I’ll be straight with you: I just flat-out do not understand the strength of tobacco stocks like Altria Group Inc. (MO) in recent years. Tobacco usage all around the world is in slow, inexorable decline. Young people today are more likely to have tried illegal drugs than to have smoked a cigarette. And it’s hard to see that changing.
Not surprisingly, tobacco stocks have spent most of the past several decades trading a discount to the broader market. Frankly, they should. It only makes sense. Demand for their products falls with every passing year!
Yet investors have been driven mad in their hunt for yield. which has caused them to embrace anything paying a dividend … even tobacco stocks. And today, the prices no longer make sense.
Altria yields just 3.9%, which puts it below the yield of many real estate investment trusts (REITs), utility stocks and other income plays. And remember, Altria is a company in constant decline. These other income generators are not.
At some price, even a tobacco stock is worth owning. But I can’t make that case for MO shares today. Investors are not being adequately compensated at today’s prices, so Altria is a stock best kicked to the curb.

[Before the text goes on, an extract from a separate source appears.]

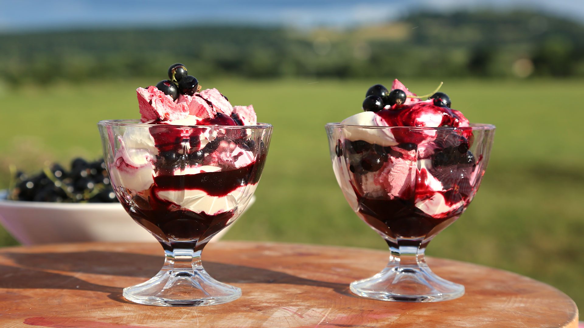 Instructions. Put the blackcurrants, lemon juice and caster sugar in a pan, heat gently for 20 minutes. Leave to cool. 300 g blackcurrants, 50 g caster sugar (superfine sugar), lemon juice. Pour the double cream and condensed milk into a large bowl. 600 ml double cream, 200 g condensed milk.
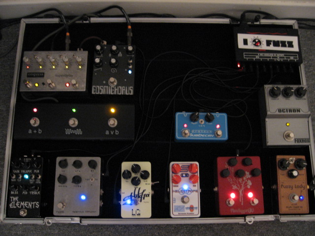 Keeley Overdrive<Walrus Audio Voyager<Tim clone<Gatekeeper Fuzz<Ibanez TC10 Twin Cam Chorus<modded Boss TR2 Tremolo<Boss HR2 Harmonist<POG2<Boss DD6<Boss RV3<EHX Cathedral<EHX Stereo Memory Man< Boss TU2< Ernie Ball Volume Jr.

My last recommend isn’t exactly a stock; it’s a bond exchange-traded fund. But frankly, at current prices, I consider it about as risky as most of the stocks on this list.
If you own the iShares Barclays 20+ Yr Treas. Bond (TLT), dump it.
Adjusted for inflation, you’re likely to lose money in the years ahead. The ETF yields a paltry 2.2%, which is just barely above the Fed’s targeted inflation rate. But even disregarding inflation risk, there is still a decent chance you’ll hit a few bumps in the road.
TLT holds a portfolio of U.S. government bonds with maturities of 20 years or more. There is, at least in theory, no risk in owning a U.S. government bond that you intend to hold to maturity, as you are guaranteed to receive the face value of the bond by the full faith and credit of Uncle Sam. But ETFs have no maturity date; they are designed to be perpetual. So, should yields rise, there is the real chance you’ll see capital losses that you realistically may never see back.
This article is from Charles Sizemore of InvestorPlace. As of this writing, As of this writing, he was long AAPL and GM.